**EXERCISE DIRECTIONS:**
In the data that follows, find the line with "The placement of"; transcribe it, every later line up to the one with "What is the", and that line as well, exactly and with no others.

(Dataset items)
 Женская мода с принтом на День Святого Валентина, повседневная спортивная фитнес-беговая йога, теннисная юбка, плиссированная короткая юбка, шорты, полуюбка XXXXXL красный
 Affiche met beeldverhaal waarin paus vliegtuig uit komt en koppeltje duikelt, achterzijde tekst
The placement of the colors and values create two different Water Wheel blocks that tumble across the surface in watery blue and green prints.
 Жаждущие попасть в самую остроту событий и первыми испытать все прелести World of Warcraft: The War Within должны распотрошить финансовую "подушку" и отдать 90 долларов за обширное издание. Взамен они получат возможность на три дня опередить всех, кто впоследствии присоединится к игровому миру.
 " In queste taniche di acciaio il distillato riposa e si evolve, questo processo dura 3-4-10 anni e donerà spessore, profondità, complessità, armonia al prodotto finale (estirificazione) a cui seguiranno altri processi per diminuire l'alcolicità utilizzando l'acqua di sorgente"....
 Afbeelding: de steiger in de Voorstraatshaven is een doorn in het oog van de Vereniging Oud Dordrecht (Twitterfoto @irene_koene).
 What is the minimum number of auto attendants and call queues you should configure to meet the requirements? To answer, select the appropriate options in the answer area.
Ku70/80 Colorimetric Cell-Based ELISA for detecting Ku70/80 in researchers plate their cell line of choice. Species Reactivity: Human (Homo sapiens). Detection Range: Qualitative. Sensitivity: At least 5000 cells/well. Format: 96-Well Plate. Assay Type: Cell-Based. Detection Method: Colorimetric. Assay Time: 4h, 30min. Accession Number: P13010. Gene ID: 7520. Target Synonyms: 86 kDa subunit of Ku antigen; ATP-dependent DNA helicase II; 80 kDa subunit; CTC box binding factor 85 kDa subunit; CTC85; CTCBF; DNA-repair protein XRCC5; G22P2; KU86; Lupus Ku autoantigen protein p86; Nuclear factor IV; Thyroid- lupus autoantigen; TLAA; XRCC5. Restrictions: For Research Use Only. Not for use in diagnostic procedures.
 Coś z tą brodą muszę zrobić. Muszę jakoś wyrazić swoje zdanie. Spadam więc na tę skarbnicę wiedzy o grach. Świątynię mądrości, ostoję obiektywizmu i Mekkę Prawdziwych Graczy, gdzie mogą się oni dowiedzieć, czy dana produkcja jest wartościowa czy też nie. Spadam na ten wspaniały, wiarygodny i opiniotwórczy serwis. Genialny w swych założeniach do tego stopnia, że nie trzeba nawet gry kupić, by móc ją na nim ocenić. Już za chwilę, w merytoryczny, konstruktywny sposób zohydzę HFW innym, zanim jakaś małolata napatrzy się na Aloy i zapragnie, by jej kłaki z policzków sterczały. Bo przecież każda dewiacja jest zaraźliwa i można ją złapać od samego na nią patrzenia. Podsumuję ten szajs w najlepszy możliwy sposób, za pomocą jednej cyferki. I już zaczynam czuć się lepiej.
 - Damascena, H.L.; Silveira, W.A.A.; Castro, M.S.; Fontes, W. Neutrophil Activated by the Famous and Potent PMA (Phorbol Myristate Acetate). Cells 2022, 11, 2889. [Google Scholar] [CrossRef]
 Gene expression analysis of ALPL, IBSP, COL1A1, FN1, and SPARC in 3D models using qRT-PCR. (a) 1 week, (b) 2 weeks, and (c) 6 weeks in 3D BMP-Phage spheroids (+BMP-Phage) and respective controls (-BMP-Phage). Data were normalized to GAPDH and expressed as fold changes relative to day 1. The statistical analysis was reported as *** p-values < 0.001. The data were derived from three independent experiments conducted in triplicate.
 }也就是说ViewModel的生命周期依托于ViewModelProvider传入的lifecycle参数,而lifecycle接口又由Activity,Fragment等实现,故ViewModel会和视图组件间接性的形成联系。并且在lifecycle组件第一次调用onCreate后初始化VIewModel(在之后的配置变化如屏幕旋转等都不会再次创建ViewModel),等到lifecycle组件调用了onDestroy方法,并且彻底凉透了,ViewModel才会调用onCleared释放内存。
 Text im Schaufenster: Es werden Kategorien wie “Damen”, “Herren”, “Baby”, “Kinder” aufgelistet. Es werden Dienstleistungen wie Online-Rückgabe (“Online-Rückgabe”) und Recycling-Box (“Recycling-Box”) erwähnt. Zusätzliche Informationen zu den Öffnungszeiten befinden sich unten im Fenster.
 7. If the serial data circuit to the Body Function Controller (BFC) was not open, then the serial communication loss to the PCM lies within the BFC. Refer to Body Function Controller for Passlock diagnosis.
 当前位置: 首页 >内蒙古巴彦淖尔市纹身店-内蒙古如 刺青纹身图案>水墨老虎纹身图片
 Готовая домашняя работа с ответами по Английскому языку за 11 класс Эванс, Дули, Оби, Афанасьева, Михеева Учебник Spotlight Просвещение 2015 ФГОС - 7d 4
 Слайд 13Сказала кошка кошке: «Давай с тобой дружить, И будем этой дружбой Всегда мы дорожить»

**WRITTEN RESPONSE:**
The placement of the colors and values create two different Water Wheel blocks that tumble across the surface in watery blue and green prints.
 Жаждущие попасть в самую остроту событий и первыми испытать все прелести World of Warcraft: The War Within должны распотрошить финансовую "подушку" и отдать 90 долларов за обширное издание. Взамен они получат возможность на три дня опередить всех, кто впоследствии присоединится к игровому миру.
 " In queste taniche di acciaio il distillato riposa e si evolve, questo processo dura 3-4-10 anni e donerà spessore, profondità, complessità, armonia al prodotto finale (estirificazione) a cui seguiranno altri processi per diminuire l'alcolicità utilizzando l'acqua di sorgente"....
 Afbeelding: de steiger in de Voorstraatshaven is een doorn in het oog van de Vereniging Oud Dordrecht (Twitterfoto @irene_koene).
 What is the minimum number of auto attendants and call queues you should configure to meet the requirements? To answer, select the appropriate options in the answer area.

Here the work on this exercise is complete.